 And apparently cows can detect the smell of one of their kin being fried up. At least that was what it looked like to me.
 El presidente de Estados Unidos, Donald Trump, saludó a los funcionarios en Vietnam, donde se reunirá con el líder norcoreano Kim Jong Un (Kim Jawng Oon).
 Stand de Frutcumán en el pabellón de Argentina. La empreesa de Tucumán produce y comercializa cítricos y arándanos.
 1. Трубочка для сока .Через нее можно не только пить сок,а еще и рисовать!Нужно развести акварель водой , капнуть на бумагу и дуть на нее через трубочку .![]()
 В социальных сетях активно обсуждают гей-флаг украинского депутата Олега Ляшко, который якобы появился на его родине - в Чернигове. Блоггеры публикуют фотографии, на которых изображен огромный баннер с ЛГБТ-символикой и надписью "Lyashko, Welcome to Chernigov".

==

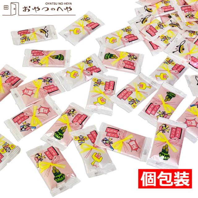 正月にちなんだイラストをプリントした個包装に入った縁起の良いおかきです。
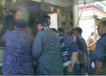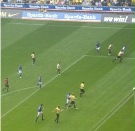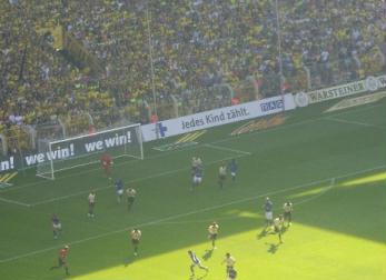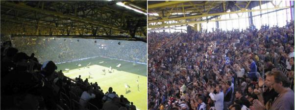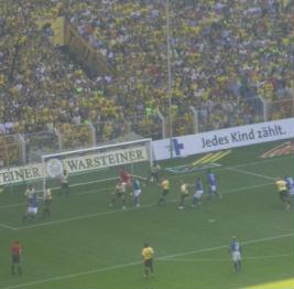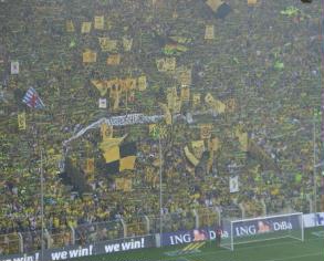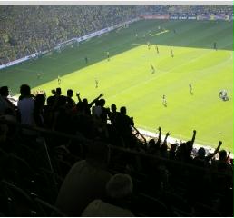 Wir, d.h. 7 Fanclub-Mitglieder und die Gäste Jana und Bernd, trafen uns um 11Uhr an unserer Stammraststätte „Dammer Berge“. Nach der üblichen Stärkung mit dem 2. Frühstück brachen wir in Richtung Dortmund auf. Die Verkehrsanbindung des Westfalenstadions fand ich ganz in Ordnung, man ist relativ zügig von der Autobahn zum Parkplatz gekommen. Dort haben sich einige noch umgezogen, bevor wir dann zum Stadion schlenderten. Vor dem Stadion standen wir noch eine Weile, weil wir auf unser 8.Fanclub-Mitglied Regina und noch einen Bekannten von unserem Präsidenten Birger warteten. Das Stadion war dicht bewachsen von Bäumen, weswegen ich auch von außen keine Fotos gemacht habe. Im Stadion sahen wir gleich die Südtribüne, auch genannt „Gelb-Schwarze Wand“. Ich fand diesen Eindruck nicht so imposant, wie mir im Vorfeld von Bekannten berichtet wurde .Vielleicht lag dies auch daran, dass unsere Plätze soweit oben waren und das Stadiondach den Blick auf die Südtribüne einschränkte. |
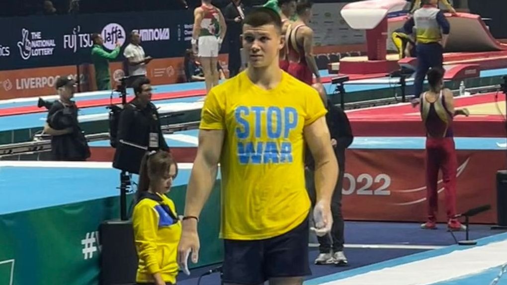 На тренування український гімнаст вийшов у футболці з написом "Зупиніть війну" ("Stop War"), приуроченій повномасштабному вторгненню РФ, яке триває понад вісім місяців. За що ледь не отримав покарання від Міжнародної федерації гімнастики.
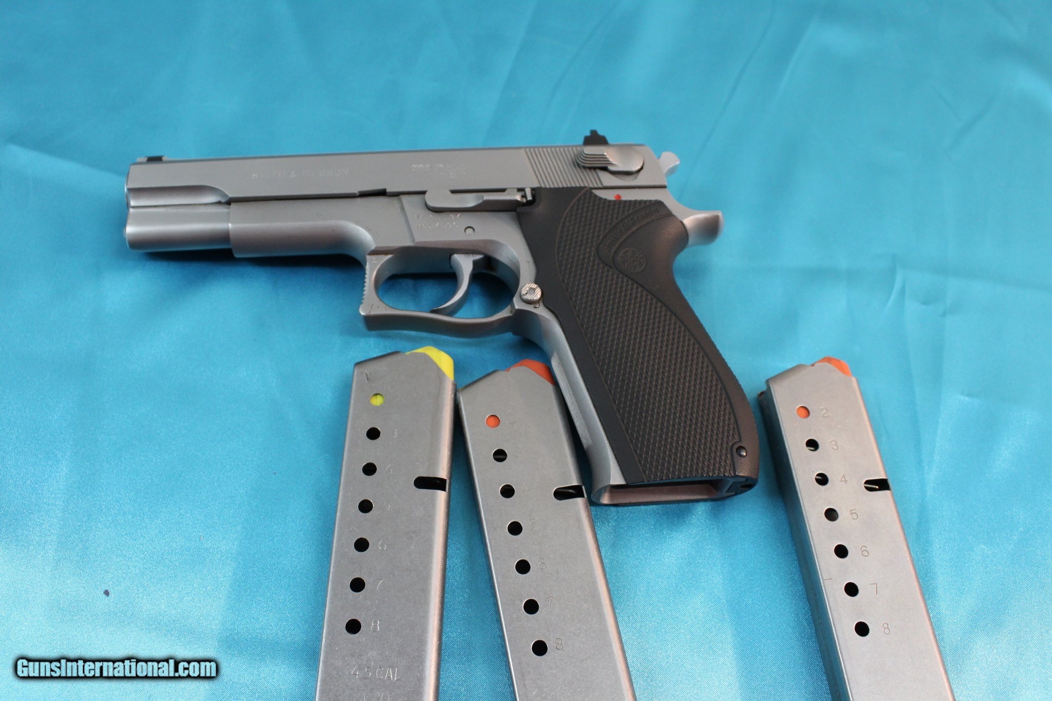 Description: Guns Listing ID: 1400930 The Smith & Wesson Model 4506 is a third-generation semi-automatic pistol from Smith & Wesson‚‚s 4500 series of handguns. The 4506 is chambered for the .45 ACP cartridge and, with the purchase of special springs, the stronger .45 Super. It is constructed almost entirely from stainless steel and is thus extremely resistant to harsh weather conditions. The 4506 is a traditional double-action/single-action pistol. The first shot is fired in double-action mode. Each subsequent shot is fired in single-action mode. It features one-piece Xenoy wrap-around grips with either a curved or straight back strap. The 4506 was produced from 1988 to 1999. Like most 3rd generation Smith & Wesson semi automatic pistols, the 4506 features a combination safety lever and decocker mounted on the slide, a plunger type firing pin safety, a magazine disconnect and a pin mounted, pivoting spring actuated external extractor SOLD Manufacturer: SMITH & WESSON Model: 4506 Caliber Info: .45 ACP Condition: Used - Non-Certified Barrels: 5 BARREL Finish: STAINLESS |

* * *

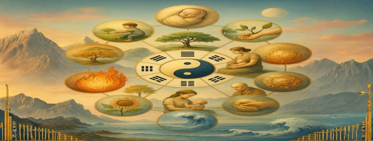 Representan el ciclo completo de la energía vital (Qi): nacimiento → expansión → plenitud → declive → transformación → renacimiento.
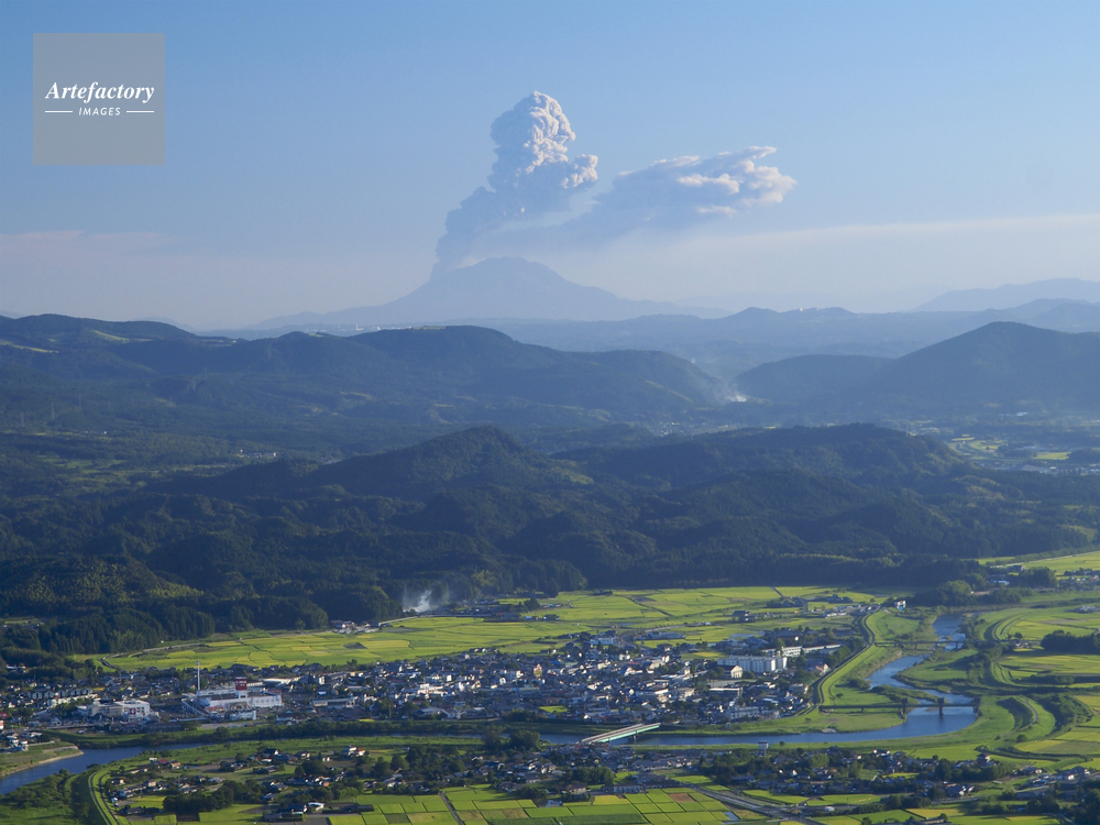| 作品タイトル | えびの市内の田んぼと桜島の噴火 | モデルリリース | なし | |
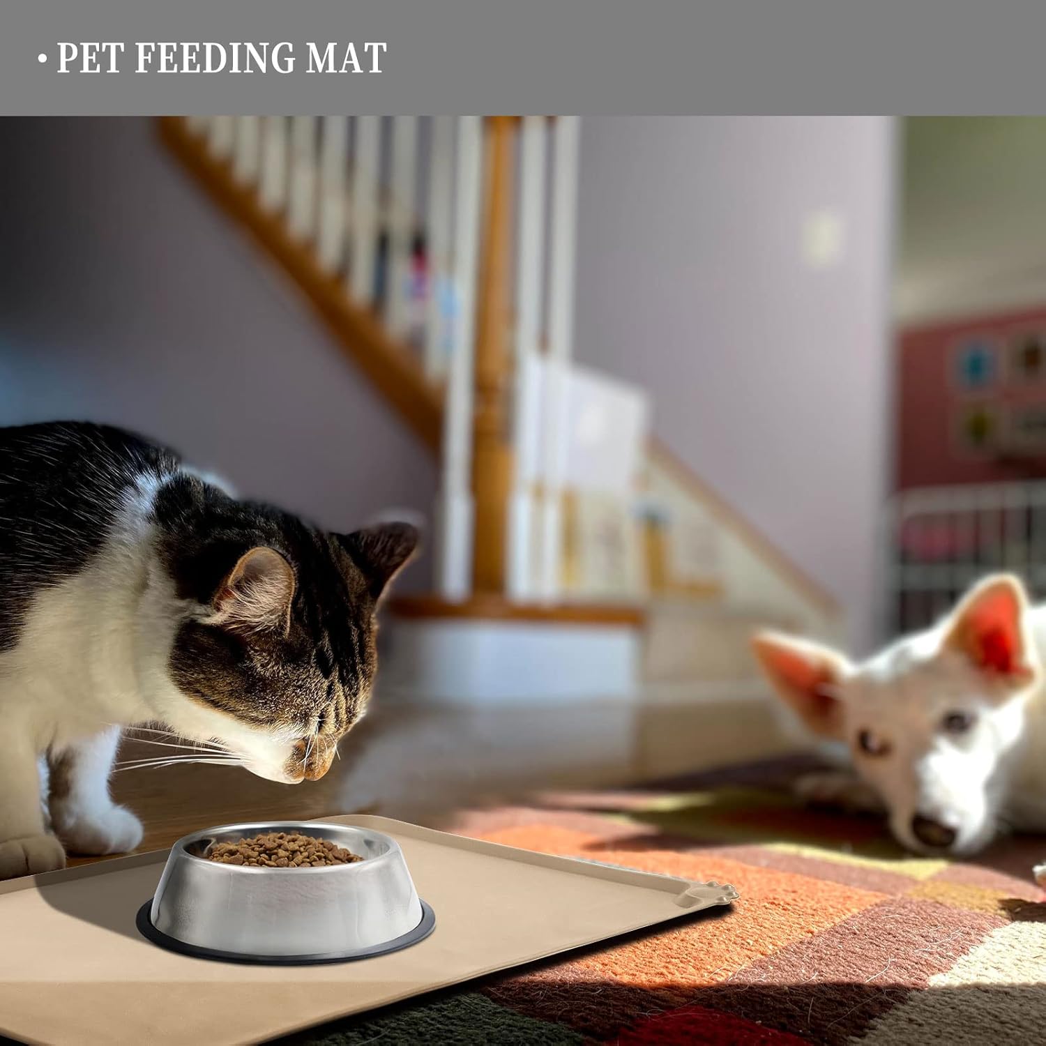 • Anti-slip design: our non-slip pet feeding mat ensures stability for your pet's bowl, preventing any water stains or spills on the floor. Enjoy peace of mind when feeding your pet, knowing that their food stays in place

#### Description of the task:
Although the records above contain pictures, the copy must not; set down exactly the lines from the one with "Representan el ciclo" up to and including the one with "モデルリリース | なし | |".

#### Answer to this exercise:
 Representan el ciclo completo de la energía vital (Qi): nacimiento → expansión → plenitud → declive → transformación → renacimiento.
| 作品タイトル | えびの市内の田んぼと桜島の噴火 | モデルリリース | なし | |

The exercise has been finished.